Annika Ericsson assumed the position of Chief Scientific Officer at CombiGene at the beginning of August 2024. She is well-prepared for the role, following six years at the company as Director of Preclinical Development and prior extensive experience in drug development and project management, coupled with a research background in gene therapy.
What attracted you to CombiGene?
- CombiGene was a far too exciting company to say no to. I have always been fascinated by gene therapy and find it amazing that I have been involved in the research from the beginning in the early twenties, when the first clinical trials began. Having the opportunity to once again contribute to groundbreaking advances in gene therapy felt like a natural choice for me.
What is your educational background?
- I have a Ph.D. in Medical Biochemistry from the Karolinska Institute, with a dissertation[EGN1] that focused on enzyme and gene therapy for acute intermittent porphyria. After obtaining my Ph.D., I moved to the USA for postdoctoral studies in porphyria and gene therapy at Mount Sinai School of Medicine in New York.
What did you do after your postdoc?
- I took up a postion at Zymenex and later at Chiesi, where I was responsible for developing new cell lines, creating analyses, and scaling up production processes for various protein therapies.
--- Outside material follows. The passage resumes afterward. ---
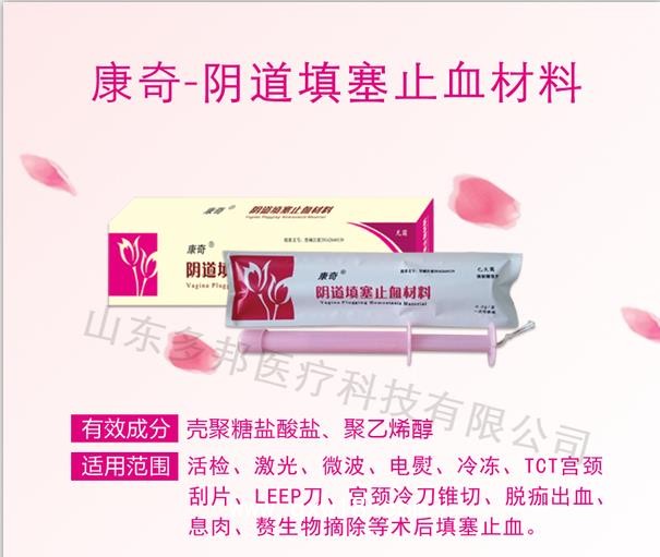 康奇?陰道填塞止血材料主要是由殼聚糖鹽酸鹽,聚乙烯醇和敷料成分組成。主要適用于宮頸活檢、激光、微波、冷凍、電熨、TCT宮頸刮片、LEEP刀、宮頸冷刀錐切、脫痂出血、息肉、贅生物摘除等術(shù)后填塞止血。

I also served as a project manager for preclinical studies and developed animal models for several lysosomal diseases, which have since progressed to clinical trials. At Zymenex, I was involved in the development of Lamzede, a life-saving treatment for individuals with alpha-mannosidosis, a severe genetic disorder. Lamzede is now approved in both the USA and Europe.
What have been your main responsibilities at CombiGene?
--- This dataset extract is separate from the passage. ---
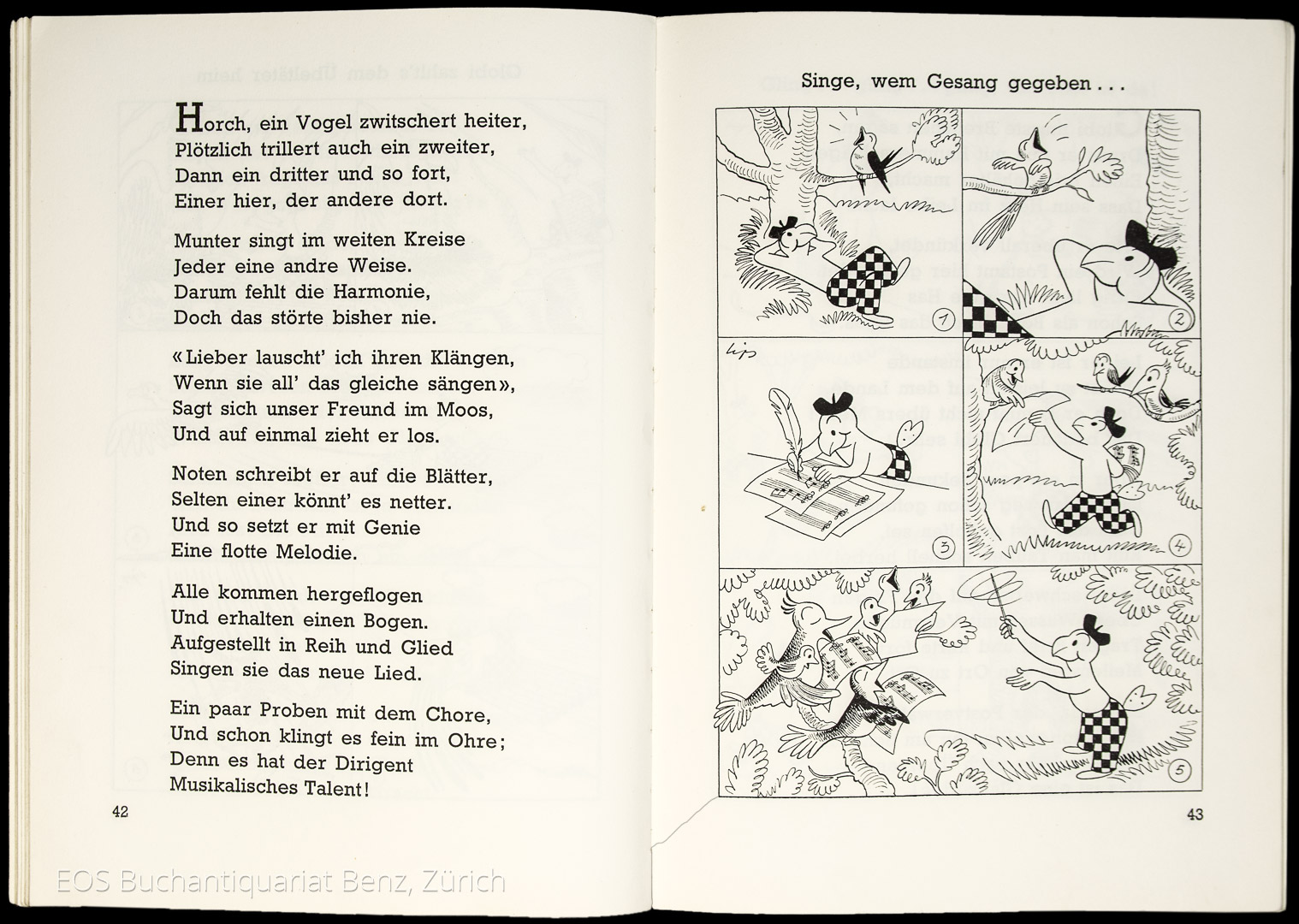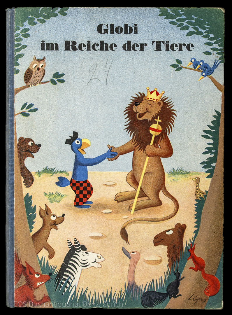 Bruggmann, Alfred: Globi im Reiche der Tiere. Zürich, Globi Verlag, 1954. 1. bis 50. Tausend. 4°. 40 Bl. Mit zahlreichen Illustrationen v. Robert Lips.

- When I started working here in 2018, my role included leading the preclinical testing of CG01, CombiGene’s epilepsy project. I have also been the project manager for CGT2, the lipodystrophy project, which we recently decided to discontinue as it did not generate the results we were looking for. Further, I have been responsible for, and will continue to lead, COZY02, our latest gene therapy project targeting severe chronic pain where effective treatment options are currently lacking.
What are you most proud of?
- At CombiGene I have had the privilege of being involved in the out-licensing of CG01 to Spark Therapeutics, a process that has been both educational and exciting. Through close collaboration and numerous meetings, we successfully highlighted the project’s potential for Spark. Unfortunately, due to a strategic decision last year, Spark chose to return the project. Now, one of the first tasks in my new role will be to evaluate the results from the final study that Spark has been responsible for, once we gain access to them later this fall.
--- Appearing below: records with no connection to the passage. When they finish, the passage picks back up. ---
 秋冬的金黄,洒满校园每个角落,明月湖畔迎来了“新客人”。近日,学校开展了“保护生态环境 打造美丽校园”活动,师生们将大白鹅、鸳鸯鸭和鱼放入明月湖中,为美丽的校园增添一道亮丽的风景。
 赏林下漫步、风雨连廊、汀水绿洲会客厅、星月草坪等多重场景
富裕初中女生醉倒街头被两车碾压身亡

What will be your focus area in the coming years?
- Our team has an impressive ability to drive projects forward with high expertise in drug development and gene therapy, allowing us to tackle almost any project. My primary focus will be actively advancing our ongoing pain projects to out-license them to a larger player. I will also play a key role in bringing in more exciting gene therapy projects or academic research collaborations.